Такие пациентки в течение беременности продолжают принимать пропилтиоурацил (препарат выбора) или метимазол, которые уменьшают продукцию свободного Т4. Определяют уровень тиреоидстимулирующего иммуноглобулина. При увеличении его продукции возрастает риск развития зоба и ЗВУР у плода. В течение беременности необходимо поддерживать нормальный уровень ТТГ в сыворотке крови. Бета-блокаторы (пропранолол) могут уменьшать симптомы тиреотоксикоза. Отсутствие эффекта от медикаментозной терапии может быть показанием к субтотальной тиреоидэктомии.

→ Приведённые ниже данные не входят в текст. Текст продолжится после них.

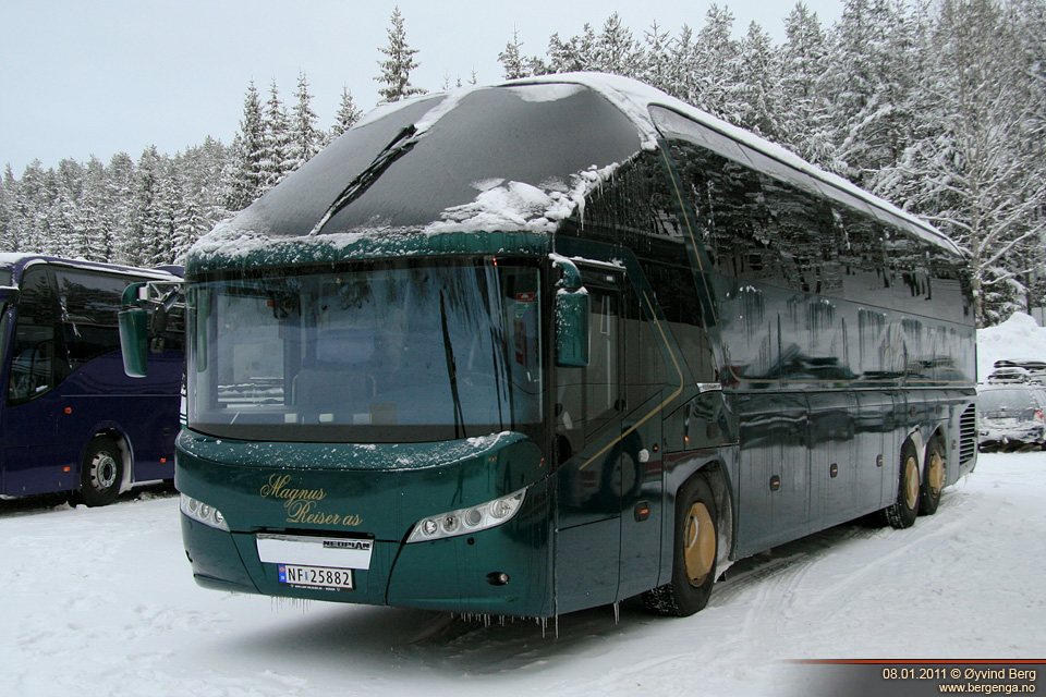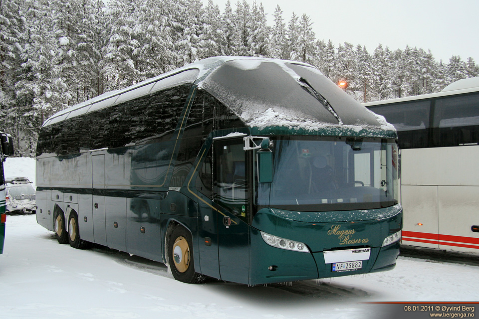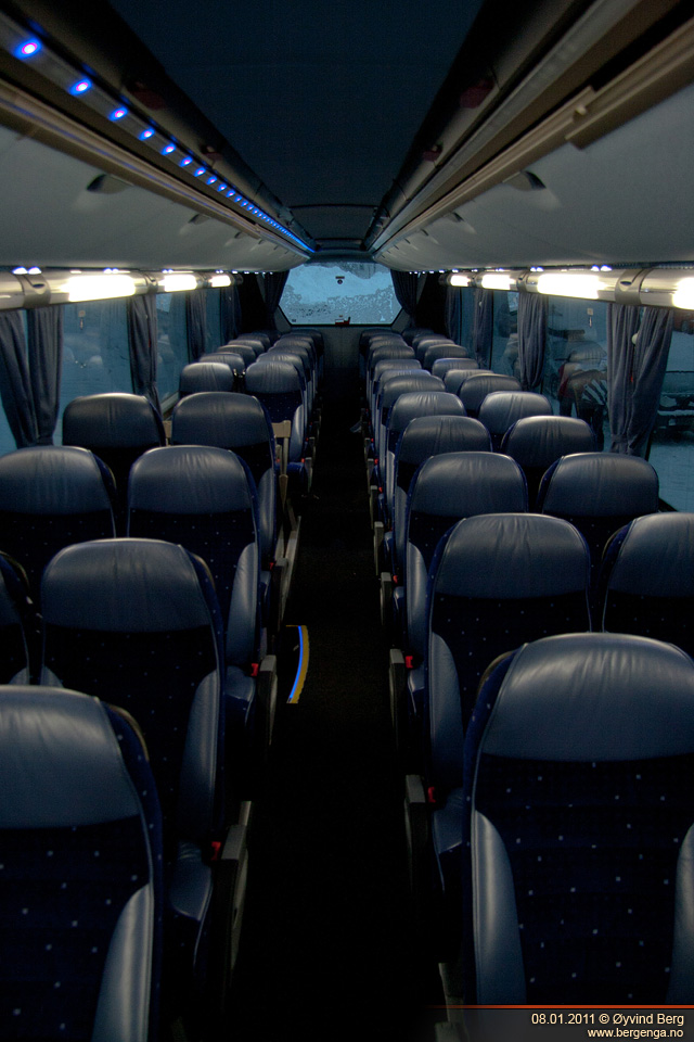 Magnus Reiser sitt romskip var utvilsomt dagens flotteste buss. Han var også veldig stolt av bussen og viste den gjerne fram. Bussen er fra 2007 og er en Neoplan N5218SHDL Starliner. Da Magnus skulle velge farge på bussene sine så var inspirasjonen visstnok en ølboks, og resultatet ble i hvert fall bra, selv om det var litt mørkt for fotografering den dagen.

Течение болезни Грейвса во время первой половины беременности может ухудшаться, во II половине и послеродовом периоде обычно имеется ремиссия, что связывают с некоторой иммуносупрессией при беременности. Кормление грудью не противопоказано, так как количество пропилтиоурацила в молоке низкое и не может вызывать гипотиреоидизм у плода.
Тиреоидные кризисы являются жизненно опасным осложнением и характеризуются гиперметаболическим состоянием, лихорадкой, изменениями ментального статуса; он чаще встречается у женщин с некорегированным заболеванием. Криз может развиваться во время родов или кесарева сечения, нередко в связи с дородовой или послеродовой инфекцией. Тиреоидный кризис может наблюдаться при гестационной трофоболастичний болезни.

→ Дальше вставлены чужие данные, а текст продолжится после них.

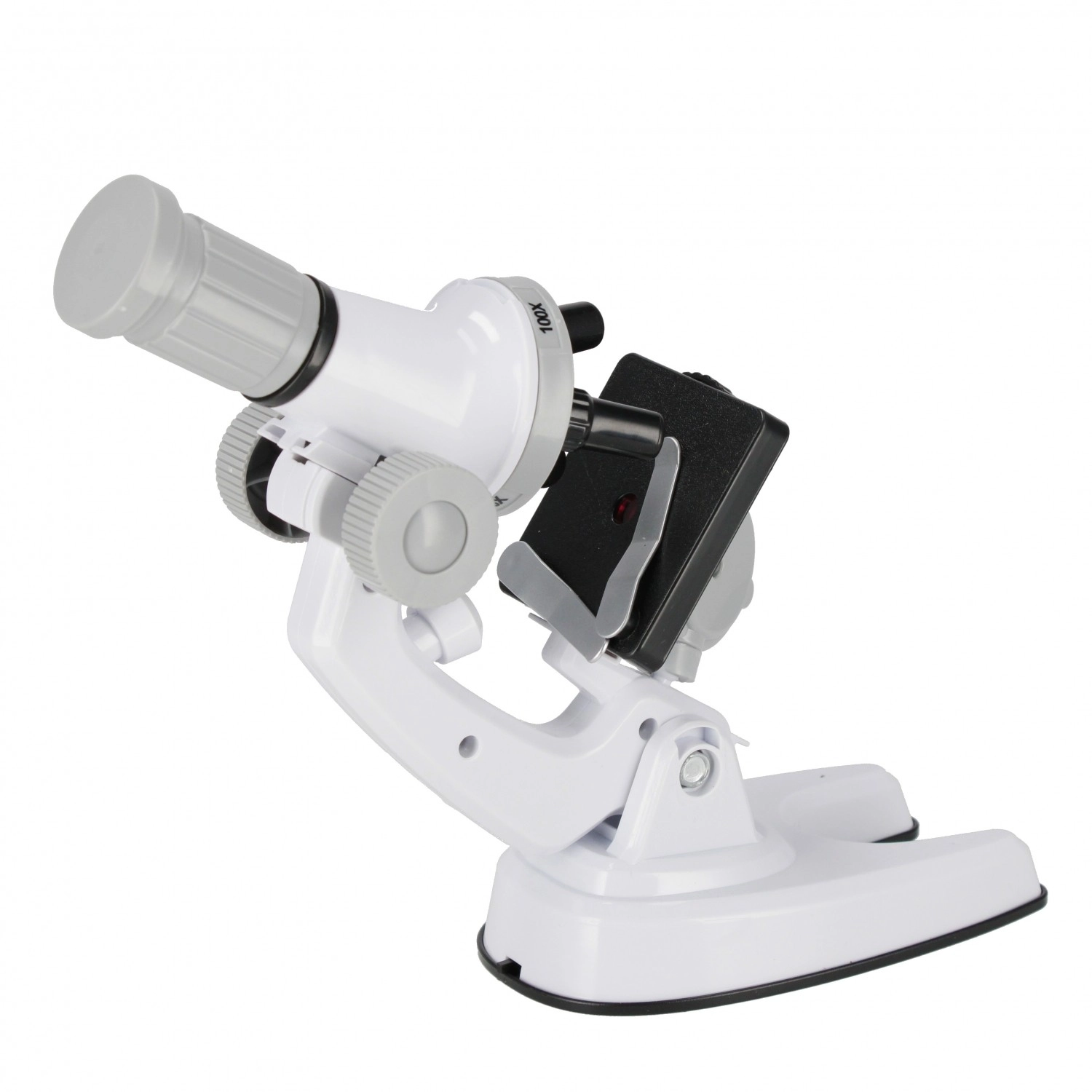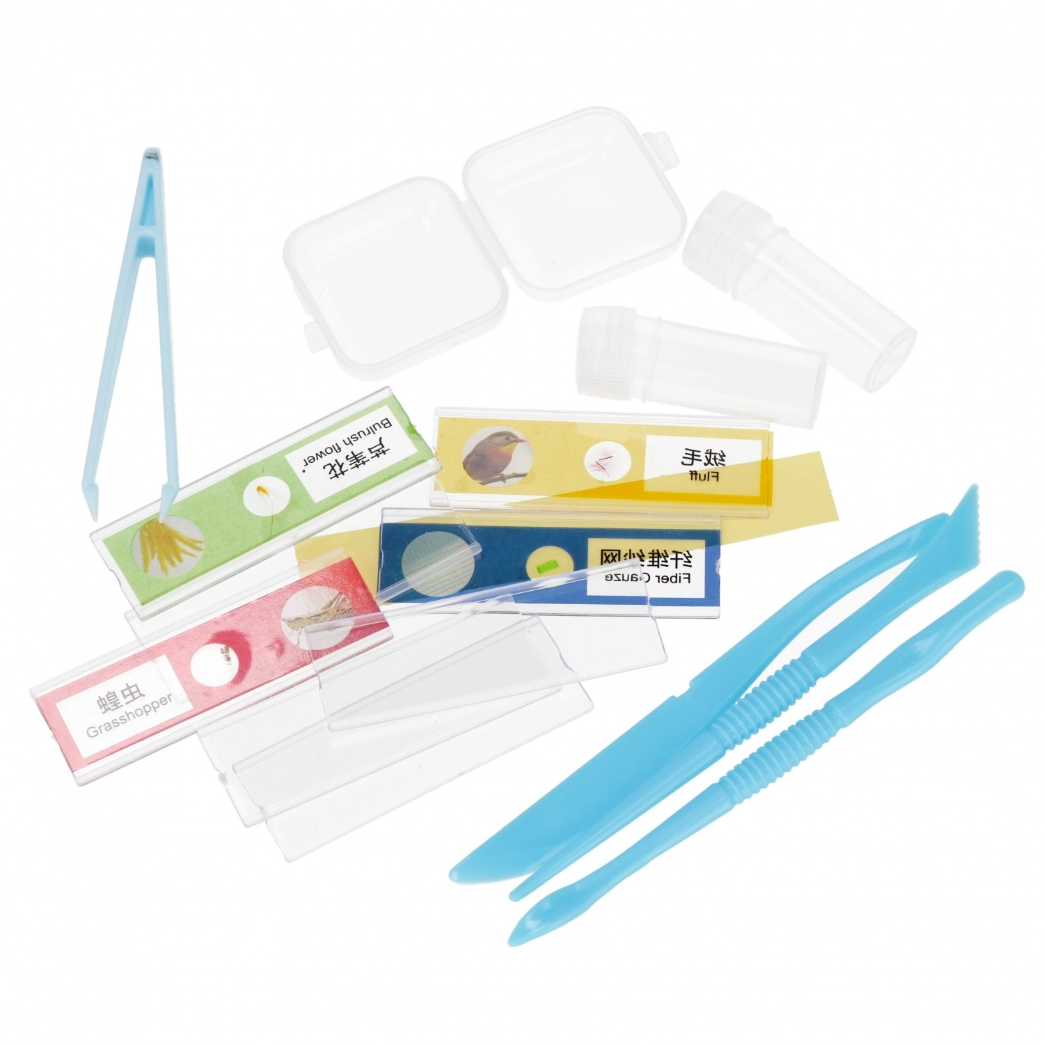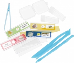 • Kompletny zestaw: mikroskop, 1× pęseta, 3× nożyki/szkiełka preparatowe, 2× probówki, 1× pudełko, 4× szablony badawcze z rysunkami, 4× puste szablony, instrukcja

Лечение тиреоидного криза заключается в нормализации температуры тела, гемодинамики, проведении регидратации, назначении тионамиды, пропилтиоурацила, бета-блокаторов, стероидов, препаратов йода с целью блокады высвобождения тиреоидных гормонов, а также лечении сопутствующей инфекции, анемии и гипертензии.
Феохромоцитома — опухоль коры надпочечников — является редким, но опасным заболеванием при беременности. Материнская смертность может достигать 50% случаев. Диагностика базируется на выявлении тяжелой гипертензии матери с ранних сроков беременности и подтверждается данными компьютерной и магнитно-резонансной томографии. Иногда возникает необходимость в хирургическом лечении — удалении опухоли.
Несахарный диабет при беременности является редким и не оказывает существенного влияния на течение гестационного периода.
В норме иммунная система является способной отличить свои собственные ткани от других тканей и защищает организм от чужеродных патогенов. Расстройства этого баланса приводят к продукции аутоантител и развитию аутоиммунных заболеваний. Аутоантитела могут быть органо и органонеспецифичные. Образцом органо аутоантител являются антитиреоидные антитела и антитела против гладкомышечной ткани.
Органонеспецифичные антитела представлены антифосфолипидными антителами (антикардиолипиновые антитела (АСА), волчаночный антикоагулянт, антиядерные антитела и антигистоные антитела.
Волчаночный антикоагулянт и антикардиолипиновые антитела — это неспецифические антифосфолипидные антитела, которые связываются с отрицательно заряженными фосфолипидами клеточных мембран во всех клетках организма. Антикардиолипиновые антитела и волчаночный антикоагулянт ассоциируются с тромбозами и неблагоприятными исходами беременности. Бета2-гликопротеин I (Р2-гликопротеин I) - гликопротеин плазмы крови, который усиливает связывание антифосфолипидных антител с мембранными фосфолипидами.
Диагноз антифосфолипидного синдрома базируется на наличии хотя бы одного клинического критерия и хотя бы одного лабораторного критерия.
Акушерские показания для тестирования на наличие антифосфолипидных антител включают следующие состояния:
1) необъяснимая смерть плода или мертворождение;
2) привычное невынашивание беременности (три или более самопроизвольных аборта при не более чем одних родах живым плодом);
3) необъяснимая смерть плода во II или III триместре беременности;
4) тяжелая преэклампсия / эклампсия до 34 нед гестации;
5) тяжелая ЗВУР плода или другие симптомы тяжелой плацентарной недостаточности во II или на начале III триместра беременности.
Неакушерские показания для проведения скрининга на наличие антифосфолипидных антител включают следующие осложнения:
1) нетравматический тромбоз или венозная / артериальная тромбоэмболия;
2) инфаркт или инсульт в возрасте менее 50-55 лет;
3) аутоиммунная тромбоцитопения;
4) гемолитическая анемия;
5) системная красная волчанка;
6) ложноположительные реакции на сифилис и др.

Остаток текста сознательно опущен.